«En aquel tiempo, dijo Jesús a sus discípulos: “¿Qué os parece? Suponed que un hombre tiene cien ovejas: si una se le pierde, ¿no deja las noventa y nueve en el monte y va en busca de la perdida? Y si la encuentra, os aseguro que se alegra más por ella que por las noventa y nueve que no se habían extraviado. Lo mismo vuestro Padre del cielo: no quiere que se pierda ni uno de estos pequeños”». (Mt 18,12-14)
Pobres, ricos, hombres, mujeres, Tercer Mundo, Ni-Ni…, el mundo actual busca desesperadamente etiquetar a cada uno, ubicarlo en un rebaño. Esta es una de las realidades de la crisis que padecemos; el que el demonio haya conseguido que perdamos la identidad. Que todos debamos ser sacrificados en aras de un supuesto “bien común”, sin darnos cuenta de que ese concepto no existe más que como la suma de los bienes individuales de cada uno de nosotros, seres creados a imagen y semejanza de Dios. Pero con una identidad única, como bien nos enseña el Génesis.
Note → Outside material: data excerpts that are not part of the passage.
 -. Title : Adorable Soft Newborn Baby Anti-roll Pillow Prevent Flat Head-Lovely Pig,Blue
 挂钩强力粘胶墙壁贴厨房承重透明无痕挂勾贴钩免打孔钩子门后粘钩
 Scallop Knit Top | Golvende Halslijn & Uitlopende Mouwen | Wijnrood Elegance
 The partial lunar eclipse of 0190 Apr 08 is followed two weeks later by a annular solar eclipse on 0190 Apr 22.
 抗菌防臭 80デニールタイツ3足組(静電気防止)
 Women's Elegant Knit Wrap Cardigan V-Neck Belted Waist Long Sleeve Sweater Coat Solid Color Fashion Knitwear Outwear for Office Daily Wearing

Frente a esto, al leer esta lectura, me viene la cabeza el maravilloso primer artículo del catecismo: “Dios, infinitamente Perfecto y Bienaventurado en sí mismo, en un designio de pura bondad ha creado libremente al hombre para que tenga parte en su vida bienaventurada. Por eso, en todo tiempo y en todo lugar, está cerca del hombre. Le llama y le ayuda a buscarlo, a conocerle y a amarle con todas sus fuerzas. Convoca a todos los hombres, que el pecado dispersó, a la unidad de su familia, la Iglesia. Lo hace mediante su Hijo que envió como Redentor y Salvador al llegar la plenitud de los tiempos. En Él y por Él, llama a los hombres a ser, en el Espíritu Santo, sus hijos de adopción, y por tanto los herederos de su vida bienaventurada”.
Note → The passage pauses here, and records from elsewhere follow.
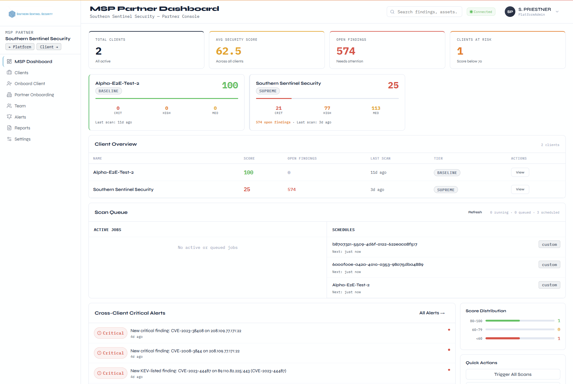 Scan results, compliance scores, and remediation tickets — all white-labeled under your brand.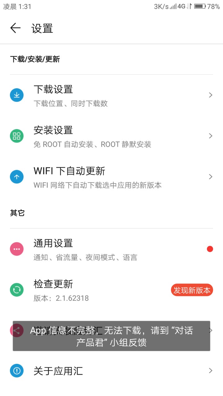 2018-06-28 [有回复] ZUK Z2131应用汇更新不了,一直显示app信息不足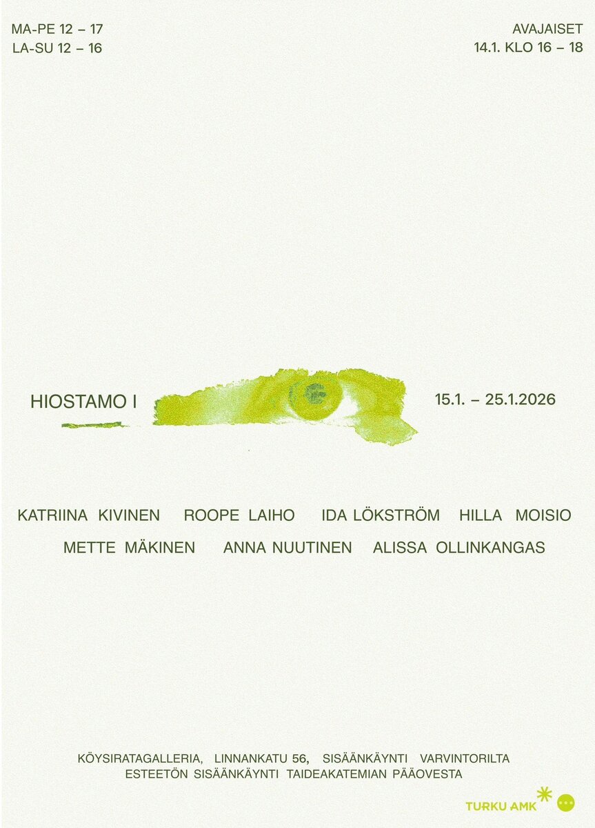 Hiostamo-näyttelysarjan ensimmäisen näyttelyn avajaisia vietetään keskiviikkona 14. tammikuuta kello 16–18 Turun AMK.n Taideakatemian Köysiratagalleriassa. Hiostamo-näyttelyyn huipentuu kuvataiteen kolmannen vuoden opiskelijoiden kuluneen syksyn taiteellinen työskentely. Näyttely on esillä 15.–25. tammikuuta.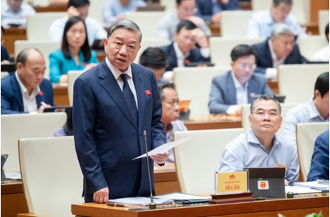 Bộ trưởng Bộ Công an Tô Lâm trả lời chất vất trước Quốc hội.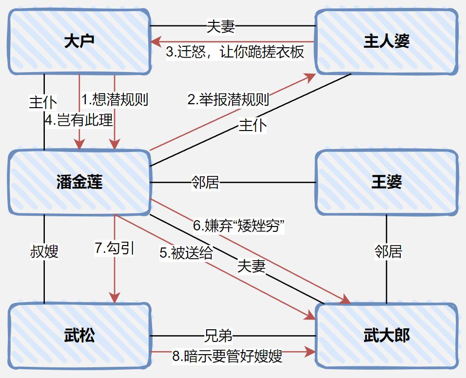 以上,就是把這些信息挖掘出來,用粗略點的圖示可以大概勾畫出來人物的關(guān)系和行為動作: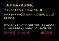 アナル 【近親相姦・肛虐調教】 ドラッグストアのパート美人母さん(48)、 クラブオーナーの息子(21)に「肛門奴●」として差し出される。 息子の指とアナルプラグで背徳の開発、夫との電話中に二穴同時中出しでイかされる白衣の肉便器・菊江【暴虐同盟】

Esta es la sabiduría de la Iglesia, el maravilloso tesoro que tiene que administrar para este doliente mundo, anunciar y proclamar la maravilla del amor de Dios, que justamente al contrario de lo que el mundo predica, nos ha hecho el gran regalo de su Hijo el que, por salvar a la humanidad, da la vida por todos y cada uno de nosotros, nos conoce y se preocupa de cada uno, personalmente, sabe cuándo andamos perdidos y sale a nuestro encuentro.
Pero ¿sabemos nosotros reconocer a este pastor? ¿Tenemos el oído abierto a su palabra?¿Cómo podemos estar tan ciegos de no ver que este amor de Dios nos hace únicos, insustituibles, nos destaca en medio del “rebaño”? ¿Qué le ocurriría a la oveja si al acercarse el pastor a buscarla huye de él?
Como nos dice el papa Francisco en su Encíclica “Lumen Fidei”: “Creer es escuchar y, al mismo tiempo, ver. La escucha de la fe tiene las mismas características que el conocimiento propio del amor: es una escucha personal, que distingue la voz y reconoce la del Buen Pastor (cf. Jn 10,3-5)”.
No dejemos pasar este tiempo de adviento, esta preparación para encontrarnos y reconocer a este Pastor que viene a nuestro encuentro. No caigamos en el engaño de una Navidad hueca llena de signos y frases hechas, pero que cada vez resulta más rechazada, precisamente porque ha perdido su identidad, porque se ha vaciado del gran misterio que es que Dios, el creador del mundo, nos haya enviado a su propio Hijo para que podamos encontrarnos con Él.
Abramos estos días nuestros oídos, no solo a su palabra, sino también como cristianos, como miembros del cuerpo de Cristo en esta generación, a nuestro prójimo. Seamos capaces de ver en cada uno de los que nos rodean a esa oveja que necesita encontrar a su Pastor, no para incorporarse a un rebaño, sino para ser curada, para sentirse única y querida por encima de todo.